Thursday, October 4, 2018

Insomnia and I Go Waaay Back



Insomnia has not been my friend, of late. Most of my life, I've been a light sleeper, and five or six hours of sleep a night has been the norm. These days, though, a lack of sleep is nibbling away at my vitality and sanity. 



Autumn is my favorite time of year, and I have barely had the energy to enjoy it. When I lamented to Chuck that I just wanted to sleep one whole day last weekend, but I didn't want to miss fall, he reminded me that "One day does not an autumn make."



Insomnia convinces me that I am not enough. That I cannot accomplish my goals. That I am not worthy of feeling well. That I don't deserve to dream my dreams. It zaps my energy, and dampens my spirit.

Insomnia sounds like terminal silence. A silence that is louder than the hum of a house with its electrical currents coursing through it. 

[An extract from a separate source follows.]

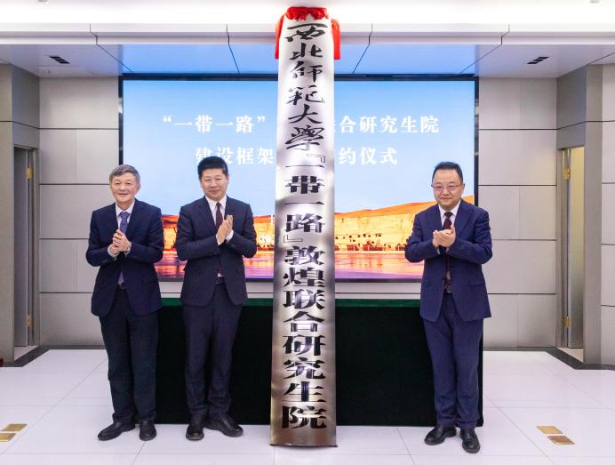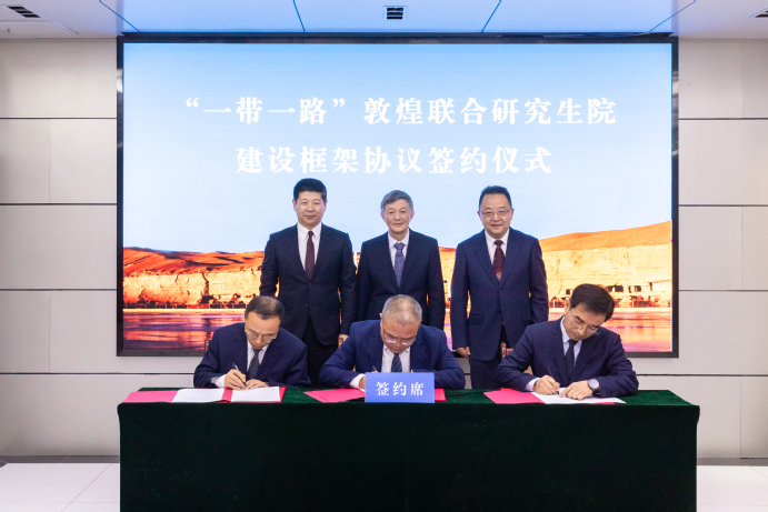 党委书记贾宁,敦煌研究院院长苏伯民,酒泉市委常委、敦煌市委书记王彦群共同为“一带一路”敦煌联合研究生院揭牌。副校长张明军,敦煌研究院党委委员、副院长赵林毅,敦煌市委常委、常务副市长付虎代表三方签署“一带一路”敦煌联合研究生院建设框架协议。
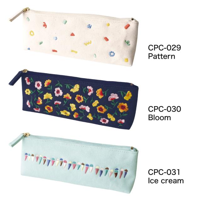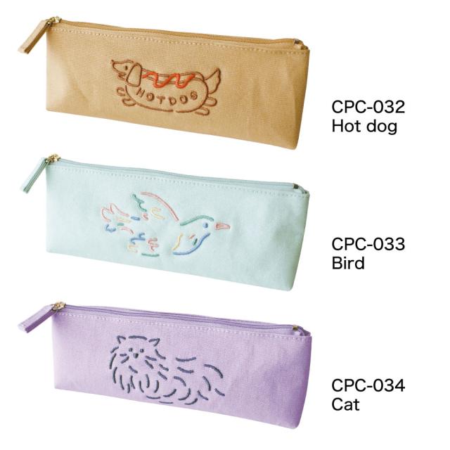帆布のしっかりとした生地に、ユーモラスで個性あふれる刺繍をあしらったペンケース。

Insomnia looks like unsorted laundry, and unmade beds, and unswept floors, and unwashed dishes. It looks like the glow of a phone in the middle of the night. 

Insomnia smells stagnant and old, possessing the unsavory qualities of morning breath and stale milk. 




Insomnia tastes like the last bite of dessert; without flavor and completely unsatsifying. Insomnia tastes like desire; always seeking pleasure in food, and never finding satisfaction in eating.


Insomnia feels like loneliness and lethargy. It feels heavy, and full of disappointment. 


It's hard to "rise and shine" at two in the morning, but I love that time of day, and try to enjoy the quiet of the house. I savor my coffee, spend some time reading, and look forward to a nap later in the day. Some days I just have to caffeinate, and hope for the best.